Over the last couple of years, the focus of the Microsoft development teams has been primarily on the Unified Labelling system, of which retention labels are a key component. We can also see that many components of Retention Policy management have the older legacy user interface. While it is almost certain that retention policies will be updated further, it is likely that the newer Unified Labelling systems are the future with regard to information governance.

Principals of Retention

If a situation arises where content is subjected to two different rules, the principles of retention determine the outcome. These are tested in order until a result can be applied.

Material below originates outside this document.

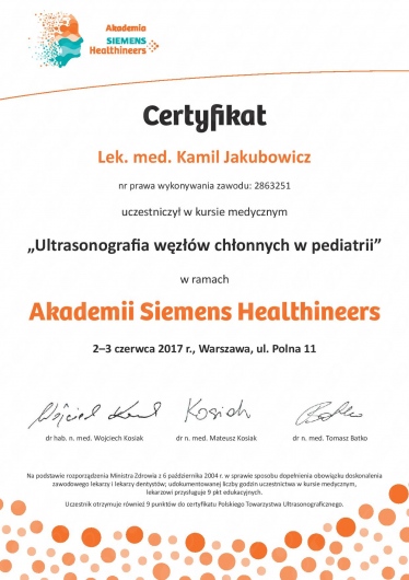 Jaki jest zakres porad oferowanych przez Kamil Jakubowicz?Kamil Jakubowicz to chirurg onkologiczny. Na podstawie swojego doświadczenia i wykształcenia Kamil Jakubowicz oferuje usługi takie jak: biopsja węzłów chłonnych, konsultacja chirurga onkologa, biopsja ślinianki, USG jamy brzusznej, biopsja gruboigłowa piersi, biopsja cienkoigłowa tkanek miękkich, USG szyi, USG piersi + tarczycy + jamy brzusznej, USG tarczycy, USG piersi.

1. Retention wins over deletion.
2. The longest retention period wins.
3. Explicit wins over implicit for deletions (a label applied to a document will win over a policy applied to a site).
4. The shortest deletion period wins.

License Requirements

All Office and Microsoft 365 SKUs include components of both retention services, though there are major differences in the potential application, particularly with labels. The following list is not exhaustive but covers the major features and license requirements for each.

For the full list of license options see the Microsoft documentation here.

A3

• Automatically apply labels for sensitive information types.
• Automatically apply labels for keywords.
• Automatically apply labels for content type.
• Automatically apply labels for metadata values.
• Start the retention period based on a custom event, for example, commence a 5-year retention of a board members mailbox after they leave the organisation.
• Declare an item as a record, which in effects make the item immutable for the entire retention period.
• Allow disposition reviews of items when their retention period ends.

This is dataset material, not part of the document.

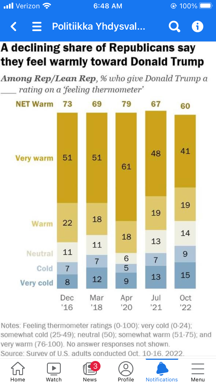 https://www.politico.com/news/magazine/ ... r-00069163It’s tempting, then, to see Trump, not DeSantis, this time around as more of the Jeb Bush — a has-been who’s done but doesn’t know it or doesn’t want to admit it. “He’s dead man walking,” longtime Florida-based, mostly Democratic megadonor John Morgan told me. “He’s lost three elections in a row,” Sam Nunberg, one of Trump’s earliest political advisers before and during his 2016 campaign, told me. “The majority of the country despises Trump,” Nunberg noted, “and the majority of the Republican Party is moving on.” It’s far from only Murdoch’s Post and Fox News and the Wall Street Journal that are blaming Trump for the spate of GOP losses and blaring a shift in preference. Previously supportive elected officials from the Senate to the House and down to the states have begun to edge away as well. Perhaps equally importantly, right-of-center talkers, bloggers and influencers like Mike Cernovich and Candace Owens have openly criticized a man they once lionized. Some of the most up-to-date polling is showing more Republican voters want DeSantis more than Trump.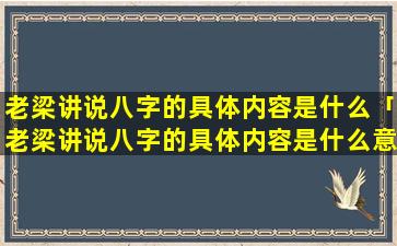老梁 🌺 讲 🐦 说八字的具体 🐠 内容

SharePoint Syntex Add-On SKU

• Automatically apply labels based on AI trained classifiers.

This recently released service is clearly an indication of the future of data classification. For more details see the Microsoft documentation here.

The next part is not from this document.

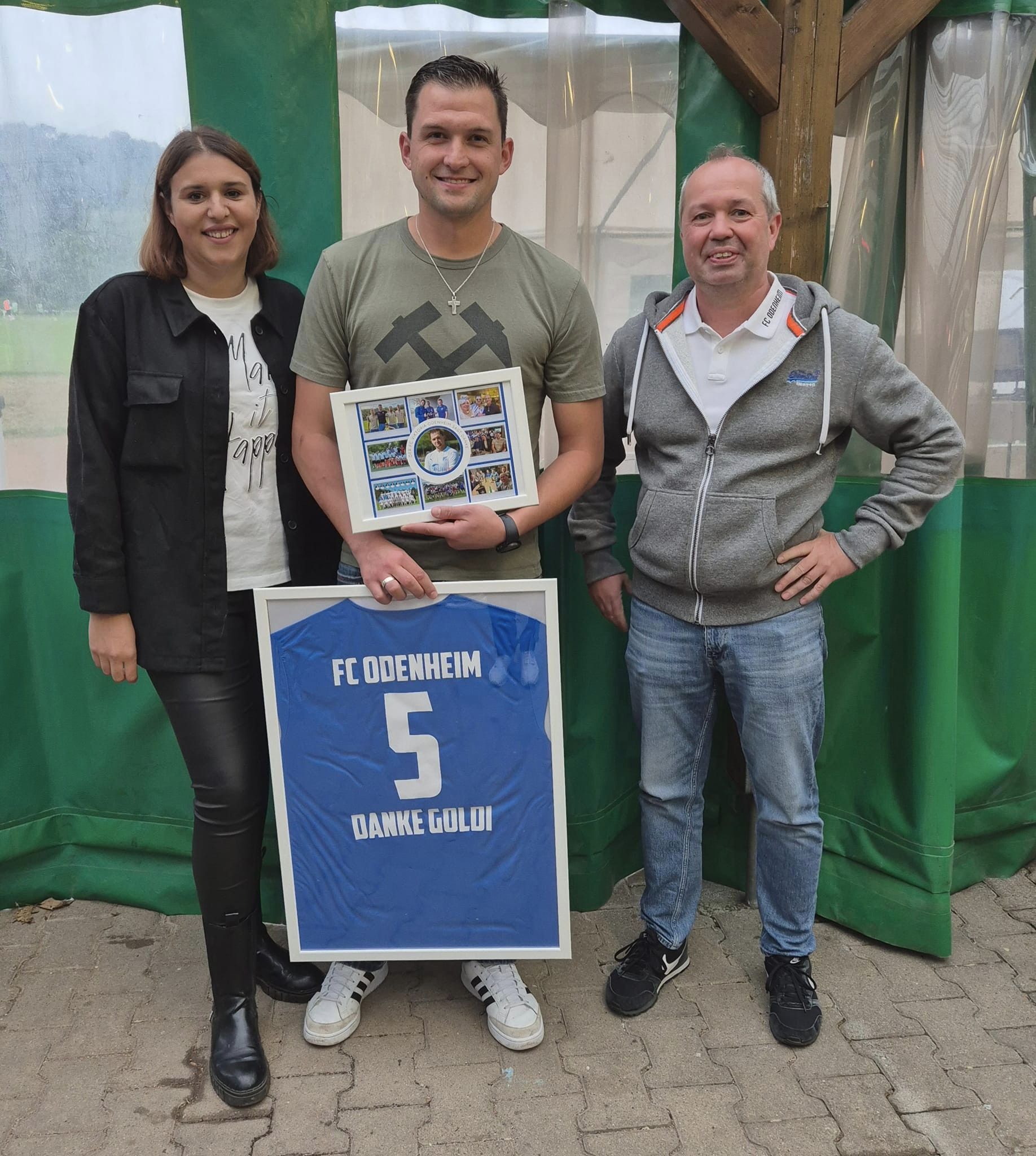 Marcel ist inzwischen eng mit unserem Odenheim verwachsen. Der Familienvater ist mit der Ur-Odenheimerin Angelina, geb. Veith (Gasthaus Zum Ochsen) verheiratet, hat hier gebaut und arbeitet als Industriemechaniker bei eimem unserer Sponsoren, der örtlichen Fa. Ritz Maschinenbau GmbH. Gerade auch deshalb hoffen wir sehr, dass er unserem Verein, in welcher Form auch immer, erhalten bleibt. Zuerst möchte sich "Goldi" aber mehr seiner Familie widmen.

Note: The Microsoft documentation clearly states that these features require an A3 license. Blogs and presentations often discuss this discrepancy, yet they appear to be fully available in an A1 subscription. Whether this fact will continue in the future is unknown.

Information Governance can only succeed if the process is automated, and the truth is, asking users to remember to label their content appropriately is not reliable enough. Historically, labelling automatically would only work well in a well architected document management system as structured data was an essential prerequisite. The arrival of AI and machine learning with trainable classifiers will almost certainly allow retention-based Information Governance to identify content no matter where it is and how it is tagged with metadata, therefore simplifying the process for administrators.

Recommendations

For organisations looking at implementing Information Governance using retention in Microsoft 365, our recommendations and key points are:

1. Define your information governance policy. It might seem obvious, but still comes up in consultancy sessions. You cannot implement a policy if you have not defined what it is first.
2. Keep it simple. A policy with 100s of permutations is going to be unworkable.
3. Start small. Target the most important content first.
4. Structure your data. Automation is effective and getting better all the time, but even the best implementation is going to struggle if all your data is effectively thrown into a large bucket.
5. Increasing regulation is making Information Governance ever more essential. It cannot be avoided for ever, and it is going to cost money, either through uplifting license costs or resource for implementation and management.
6. It is going to affect users, while automation and technology can minimise that, as always, we need to remember that this is also a people management problem. Training and transparency are key.